══ Excerpted data ══
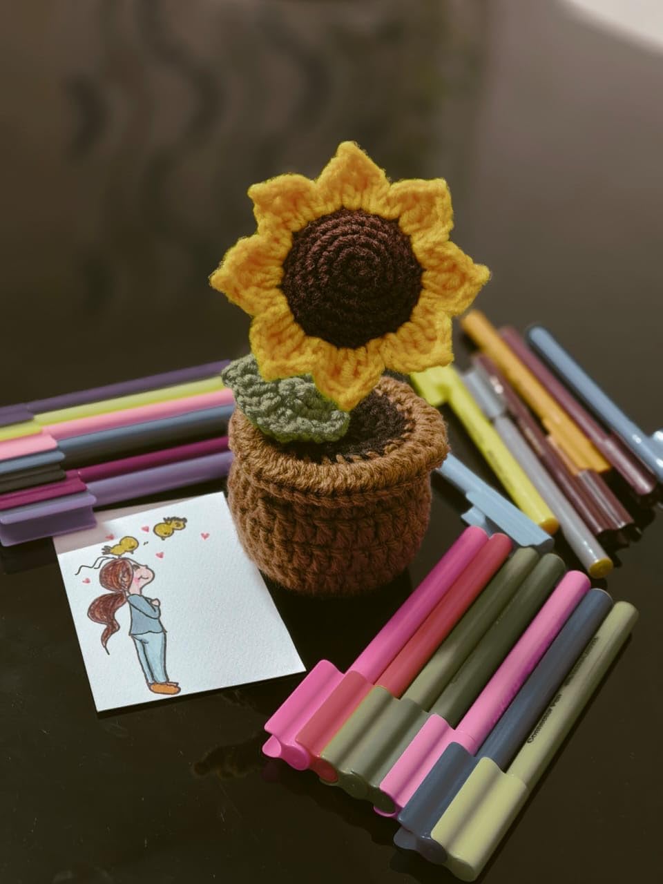 Details: Handmade Crochet Flower Set - Sunflowers & Daisies Knitted Potted Plants for Car Dash, Table, and Home Decoration – Pack of 1
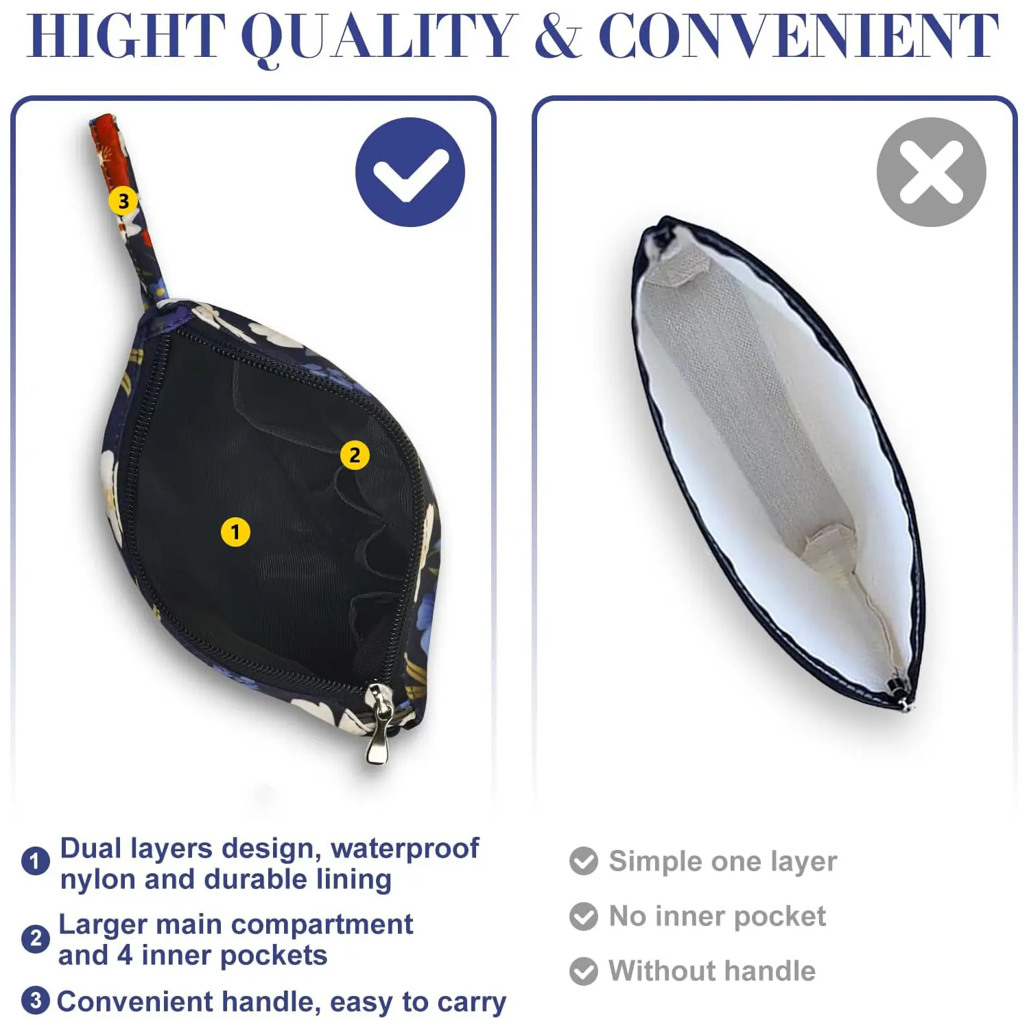 The mini makeup case built-in 4 inner pockets and a main compartment are perfect for purse or everyday make up pouch.
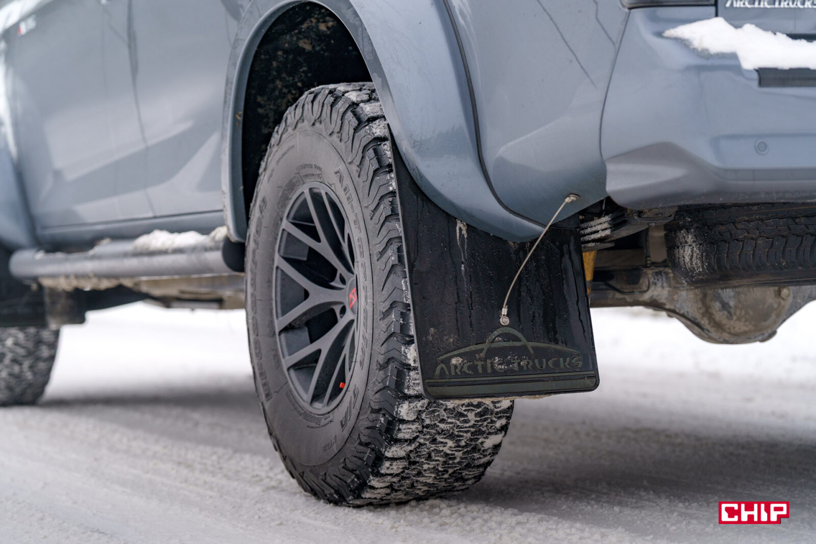 Co obejmują modyfikacje wprowadzone przez Arctic Trucks? Pod względem wizualnym są to 17-calowe felgi i opony terenowe 315/70. Nadkola są potężnie poszerzone, gdzieś te opony trzeba zmieścić i zostały polakierowane. Zmodyfikowane są też stopnie boczne, zderzak, błotniki i nadkola są trymowane oraz zainstalowane zostały chlapacze. Trochę to pomaga, ale i tak jadąc mokrą drogą za tym bydlakiem będzie na Was chlapać jak spod Tira.
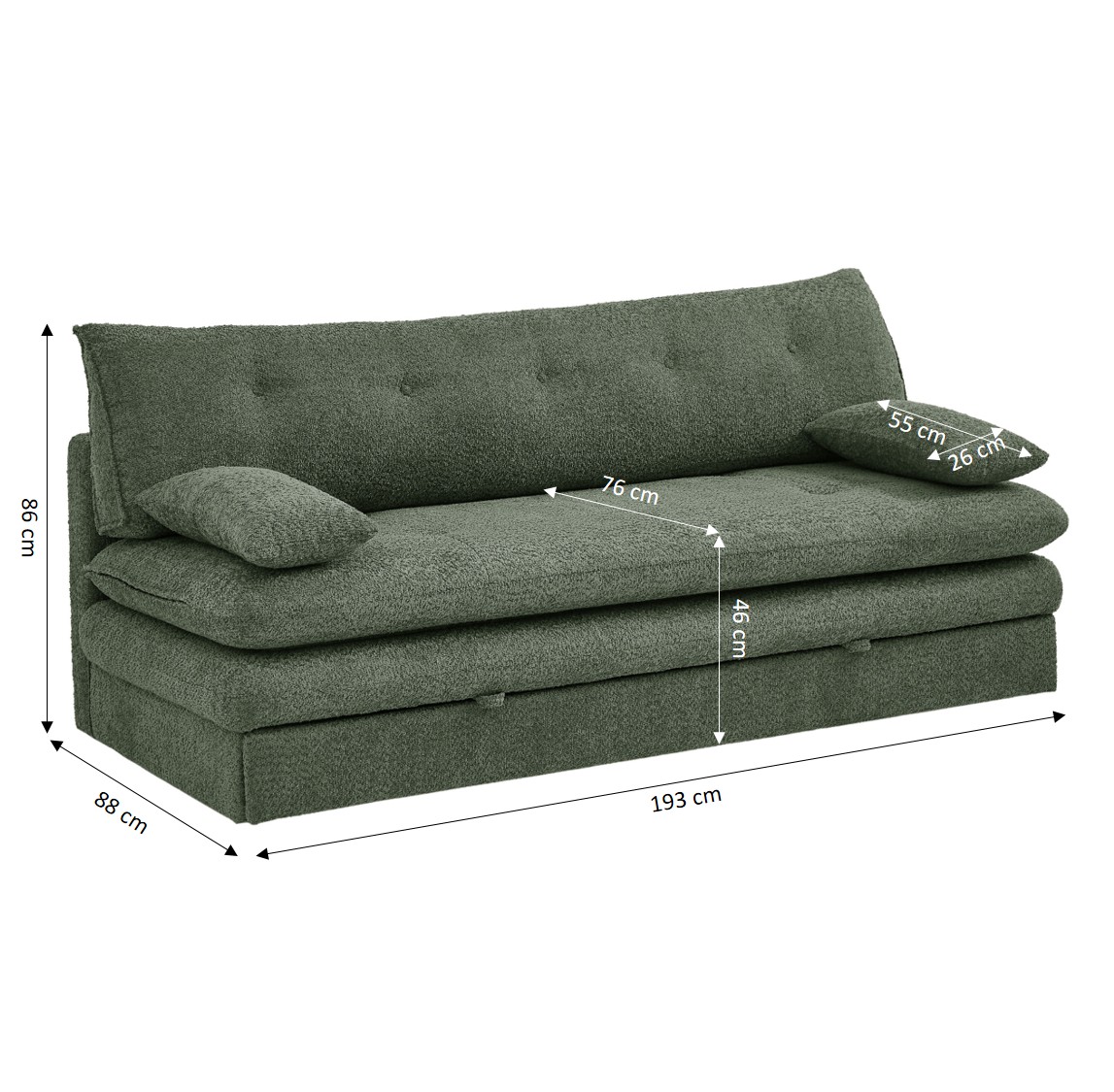 Dotata di una generosa larghezza della seduta di 193 cm e di una densità di 25 kg/m³, KIARA offre una seduta comoda e adatta ad un uso regolare. L'altezza della seduta di 46 cm assicura una posizione naturale, perfetta per rilassarsi o ricevere ospiti.
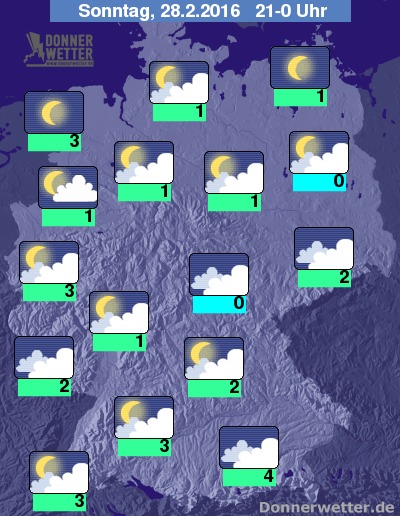 Heute Abend bleibt es im Norden meist locker bewölkt, im Küstenumfeld weitgehend sternenklar. Weiter nach Süden hin werden die Wolken dichter und über der Südhälfte ist es insgesamt auch überwiegend stark bewölkt, es bleibt aber praktisch landesweit trocken. Die Abendtemperatur liegt bei 3 Grad in Freiburg und um 0 Grad im nördlichen Brandenburg.
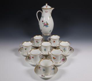 KPM, porseleinen koffiepot en acht kop en schotels, circa 1900,
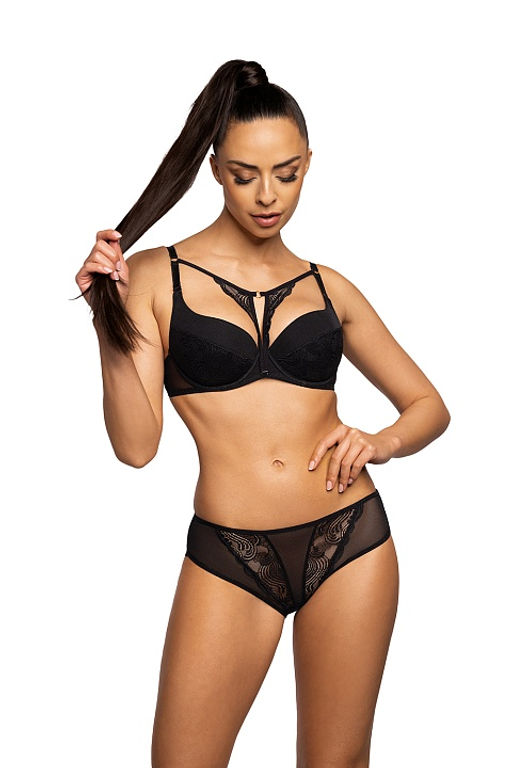 Трусики-слип Melody выполнены из нежного, эластичного кружева и спереди декорированы полупрозрачным тюлем.­
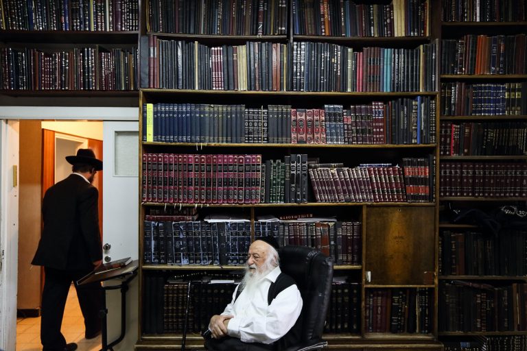 מרן ראש הישיבה הגרב"מ אזרחי בצאתו מהיכל ישיבת 'עטרת ישראל' עם סיום היום הקדוש, בישיבה שהו מאות בחורים במתווה הקפסולות • צילם באמנות: הצלם אהרן אהרן קראהן
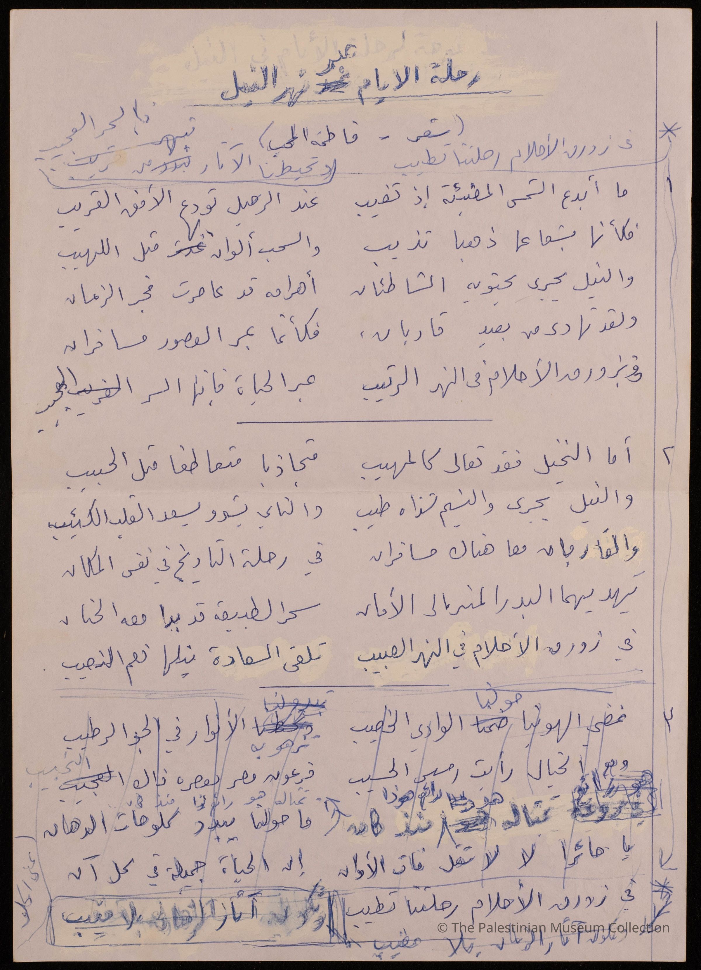 مخطوطة قصيدة باللغة العربية بعنوان" رحلة الايام غبر نهر النيل" للشاعرة فاطمة المحب، ولا تحمل الوثيقة اية اشارة الى تاريخ كتابتها.
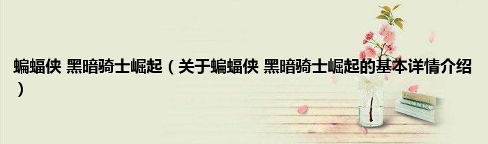 本文关于蝙蝠侠 黑暗骑士崛起的基本详情介绍就讲解完毕,希望对大家有所帮助。
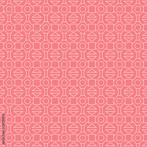 Seamless geometric pattern. Beige mixed geometric shapes on pink background
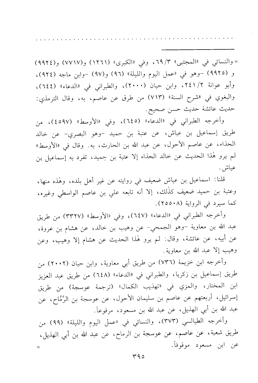 = والنسائي في "المجتبى" ٣/٦٩، وفي "الكبرى" (١٢٦١) و (٧٧١٧) و (٩٩٢٤) و (٩٩٢٥) - وهو في "عمل اليوم والليلة" (٩٦) و (٩٧) - وابن ماجه (٩٢٤) ، وأبو عوانة ٢/٢٤١، وأبن حبان (٢٠٠٠) ، والطبراني في "الدعاء" (٦٤٤) ، والبغوي في "شرح السنة" (٧١٣) من طرق عن عاصم، به، وقال الترمذي: حديث عائشة حديث حسن صحيح.
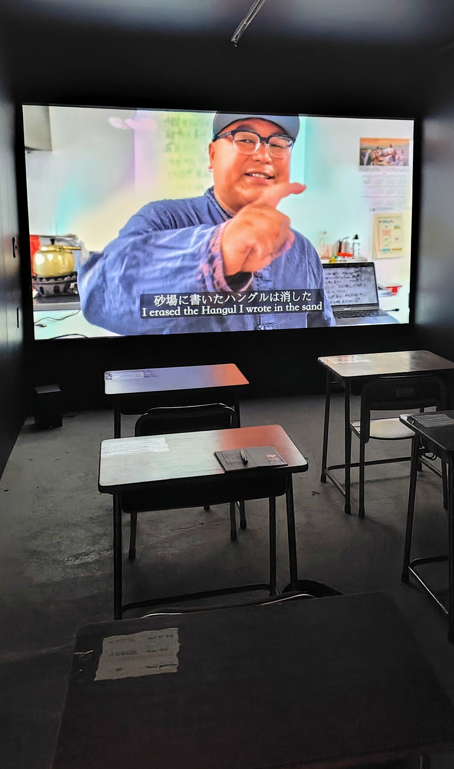スクリーンに写っているハルモニ、その手前で歌っているFUNI、その映像を見ている筆者の3者は、鏡像のような構造だったのです。FUNIを真ん中に挟み、奥にハルモニ、手前に鑑賞者である筆者。しかも、映像内のハルモニたちと同じような机と椅子で筆者は鑑賞しているのです。机には映像に登場するハルモニのプレートが貼ってあるのです。つまり、心理的には、ハルモニと筆者は重なり合う。来場者が映像を鑑賞することで、ハルモニとFUNIと来場者の全員が同時に一体感を味わえるような仕掛けになっており、すっかり感心した次第です。
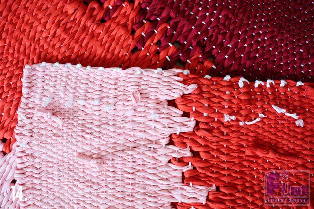 Шаг 11: Необходимо ткать коврик постепенно, переходя от цвета к цвету. Если делать коврик такими полосами, то он получится равномерным по натяжению. Если же Вы будете ткать не горизонтальными, а вертикальными полосами одного цвета, то коврик может сильно деформироваться.
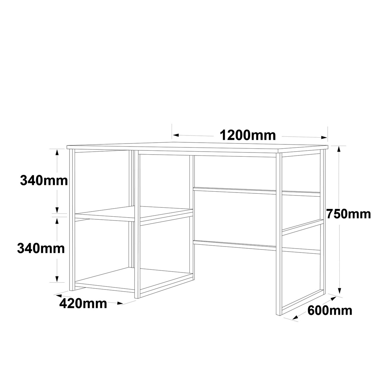 Birou, Locelso, VG23, 120 x 75 x 60 cm, pal melaminat/metal, alb/auriu
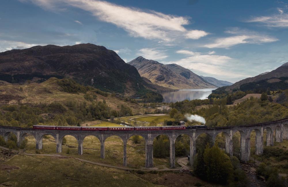 Здесь изображен виадук Гленфиннан, железнодорожный путепровод, расположенный в Инвернессшире, Шотландия. Он был построен в конце 1800-х годов, и вы можете найти его на вершине озера Лох-Шил в Западной Шотландии. Линия работает и по сей день, являясь важнейшей артерией для экономики Хайленда. Летом по этой линии курсирует популярный туристический поезд Якобит, а также Королевский шотландец.
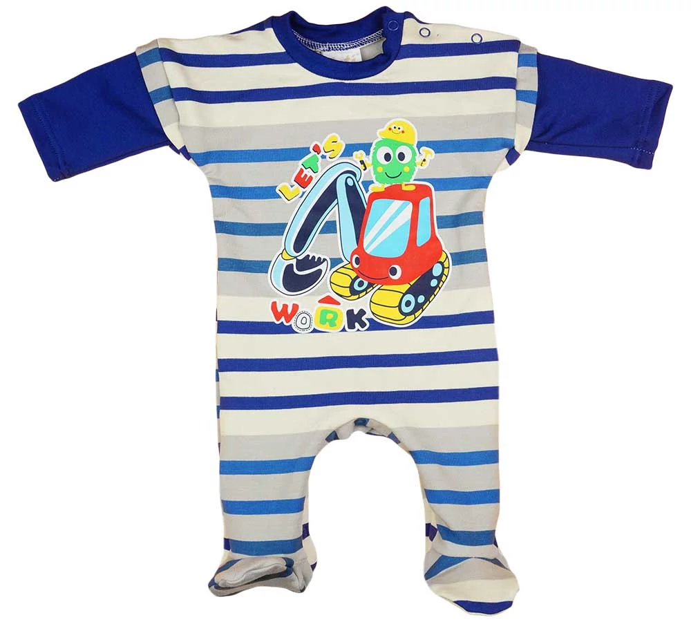 Hosszú ujjú, belül bolyhos baba rugdalózó munkagépes mintával
═══
* _Task description_: Line for line, output the entries above from the line with "本文关于蝙蝠侠 黑暗骑士崛起的基本详情介绍就讲解完毕,希望对大家有所帮助。" to the line with "スクリーンに写っているハルモ", both included, and nothing more. Skip pictures.

* _Your response_:
 本文关于蝙蝠侠 黑暗骑士崛起的基本详情介绍就讲解完毕,希望对大家有所帮助。
 Seamless geometric pattern. Beige mixed geometric shapes on pink background
 = والنسائي في "المجتبى" ٣/٦٩، وفي "الكبرى" (١٢٦١) و (٧٧١٧) و (٩٩٢٤) و (٩٩٢٥) - وهو في "عمل اليوم والليلة" (٩٦) و (٩٧) - وابن ماجه (٩٢٤) ، وأبو عوانة ٢/٢٤١، وأبن حبان (٢٠٠٠) ، والطبراني في "الدعاء" (٦٤٤) ، والبغوي في "شرح السنة" (٧١٣) من طرق عن عاصم، به، وقال الترمذي: حديث عائشة حديث حسن صحيح.
スクリーンに写っているハルモニ、その手前で歌っているFUNI、その映像を見ている筆者の3者は、鏡像のような構造だったのです。FUNIを真ん中に挟み、奥にハルモニ、手前に鑑賞者である筆者。しかも、映像内のハルモニたちと同じような机と椅子で筆者は鑑賞しているのです。机には映像に登場するハルモニのプレートが貼ってあるのです。つまり、心理的には、ハルモニと筆者は重なり合う。来場者が映像を鑑賞することで、ハルモニとFUNIと来場者の全員が同時に一体感を味わえるような仕掛けになっており、すっかり感心した次第です。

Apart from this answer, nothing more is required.